• **Your task**: From the line containing "In a contemporary" down to the last line of the listing, quote everything word for word, and nothing else, keeping pictures out.

• **Dataset section**:

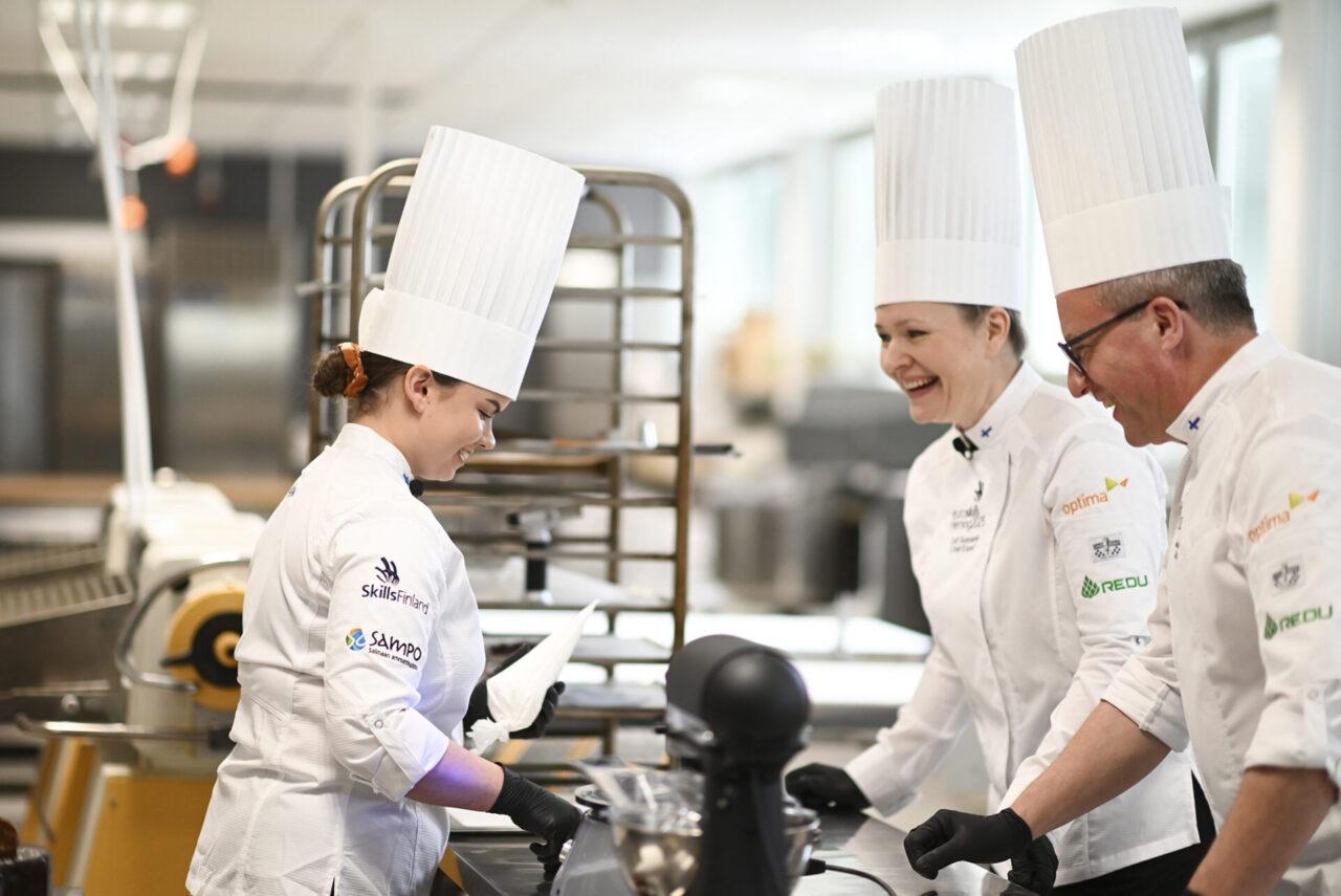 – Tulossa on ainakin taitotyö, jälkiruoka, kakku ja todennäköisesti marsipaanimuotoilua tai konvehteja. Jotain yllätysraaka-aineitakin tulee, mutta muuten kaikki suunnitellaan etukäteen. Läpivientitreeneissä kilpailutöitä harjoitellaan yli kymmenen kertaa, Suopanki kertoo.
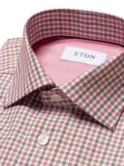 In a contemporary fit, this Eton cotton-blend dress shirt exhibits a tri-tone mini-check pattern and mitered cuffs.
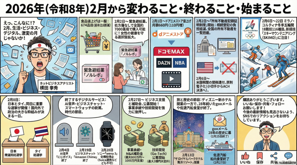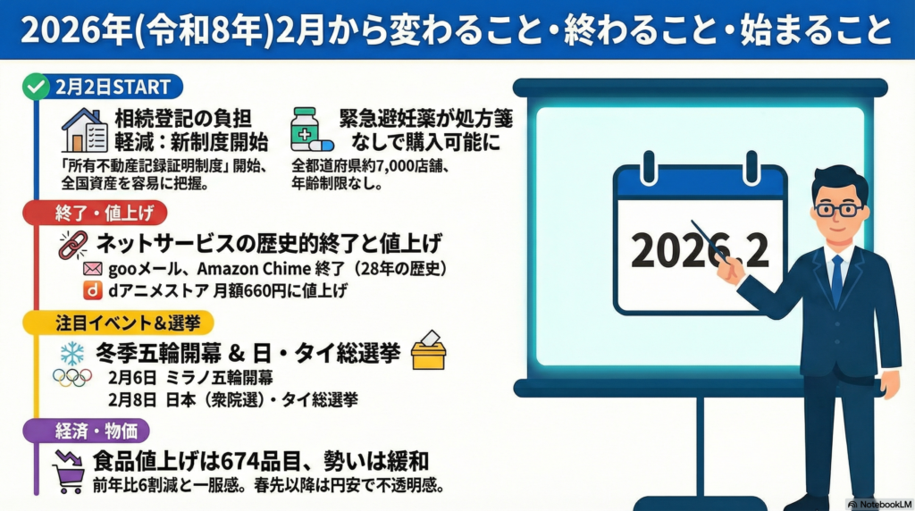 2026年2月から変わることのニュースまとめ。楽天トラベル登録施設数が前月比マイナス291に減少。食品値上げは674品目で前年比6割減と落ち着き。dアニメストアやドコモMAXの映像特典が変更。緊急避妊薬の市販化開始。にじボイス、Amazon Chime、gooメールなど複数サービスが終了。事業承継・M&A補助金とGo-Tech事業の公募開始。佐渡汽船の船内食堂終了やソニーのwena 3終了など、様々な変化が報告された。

• **Task result**:
 In a contemporary fit, this Eton cotton-blend dress shirt exhibits a tri-tone mini-check pattern and mitered cuffs.
 2026年2月から変わることのニュースまとめ。楽天トラベル登録施設数が前月比マイナス291に減少。食品値上げは674品目で前年比6割減と落ち着き。dアニメストアやドコモMAXの映像特典が変更。緊急避妊薬の市販化開始。にじボイス、Amazon Chime、gooメールなど複数サービスが終了。事業承継・M&A補助金とGo-Tech事業の公募開始。佐渡汽船の船内食堂終了やソニーのwena 3終了など、様々な変化が報告された。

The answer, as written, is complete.